Department of Biochemistry, University of Zürich, Winterthurerstrasse 190, CH-8057 Zürich, Switzerland.
Sci Adv. 2020 Jul 15;6(29):eabb5419. doi: 10.1126/sciadv.abb5419. eCollection 2020 Jul.
The peptide hormone oxytocin modulates socioemotional behavior and sexual reproduction via the centrally expressed oxytocin receptor (OTR) across several species. Here, we report the crystal structure of human OTR in complex with retosiban, a nonpeptidic antagonist developed as an oral drug for the prevention of preterm labor. Our structure reveals insights into the detailed interactions between the G protein-coupled receptor (GPCR) and an OTR-selective antagonist. The observation of an extrahelical cholesterol molecule, binding in an unexpected location between helices IV and V, provides a structural rationale for its allosteric effect and critical influence on OTR function. Furthermore, our structure in combination with experimental data allows the identification of a conserved neurohypophyseal receptor-specific coordination site for Mg that acts as potent, positive allosteric modulator for agonist binding. Together, these results further our molecular understanding of the oxytocin/vasopressin receptor family and will facilitate structure-guided development of new therapeutics.
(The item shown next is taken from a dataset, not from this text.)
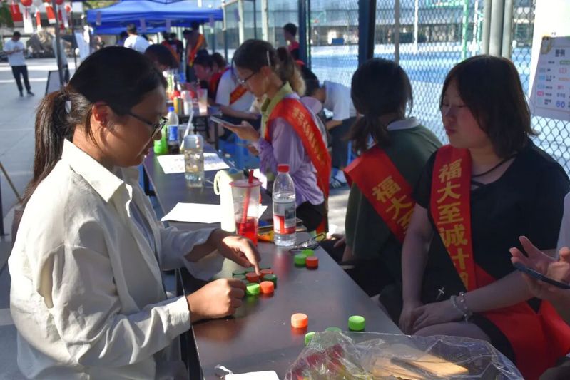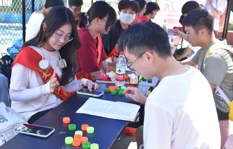 活动现场气氛热烈,欢笑与挑战交织。同学们穿梭于各个游戏关卡之间,在“文思泉涌”知识闯关中追溯文化源流,在“一柱擎天”瓶盖叠塔中磨练耐心细致,于“妙语连珠”灯谜竞猜里体味汉字韵味,借“海底捞月”巧夹弹珠展现手眼协调,更在“emoji猜成语”环节为传统智慧赋予新时代的表达乐趣。
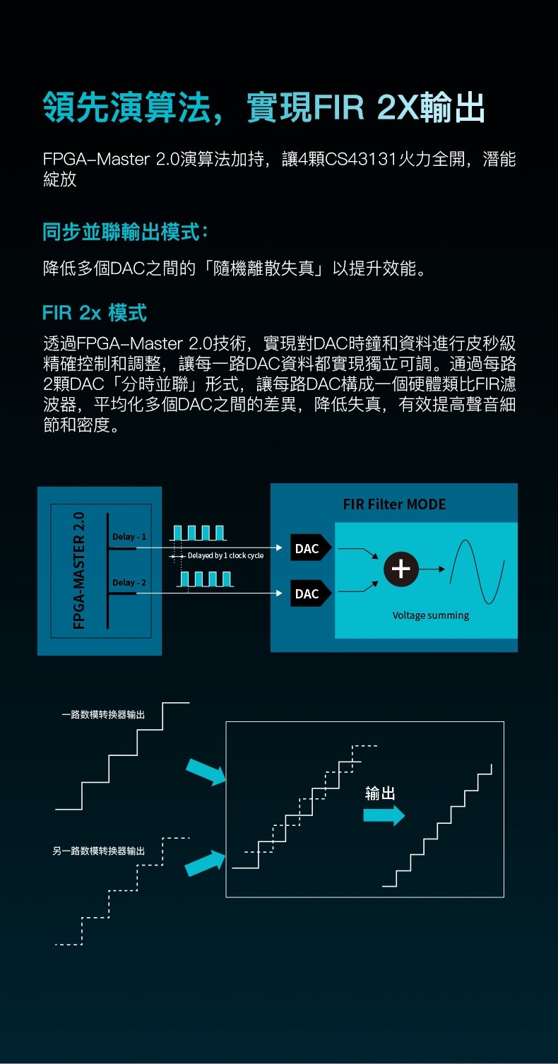 通過FPGA-Master 2.0技術,實現對DAC時鐘和數據進行皮秒級精確控製和調整,讓每一路DAC數據都實現獨立可調。通過每路2顆DAC「分時並聯」形式,讓每路DAC構成一個硬件模擬FIR濾波器,平均化多個DAC之間的差異,降低失真,有效提高聲音細節和密度。

肽激素催产素通过中枢表达的催产素受体(OTR)在多种物种中调节社会情感行为和性生殖。在这里,我们报告了与人 OTR 复合物的晶体结构与 retosiban,一种非肽类拮抗剂开发作为一种口服药物,以防止早产。我们的结构揭示了详细的相互作用之间的 G 蛋白偶联受体(GPCR)和 OTR 选择性拮抗剂。观察到一个额外的螺旋胆固醇分子,结合在一个意想不到的位置之间的 IV 和 V 螺旋,提供了一个结构的理由,其变构效应和对 OTR 功能的关键影响。此外,我们的结构与实验数据相结合,可以确定一个保守的神经垂体受体特异性协调镁的作用是强大的,正变构调节剂激动剂结合。总之,这些结果进一步我们的分子理解的催产素/加压素受体家族,并将促进结构为导向的开发新的治疗方法。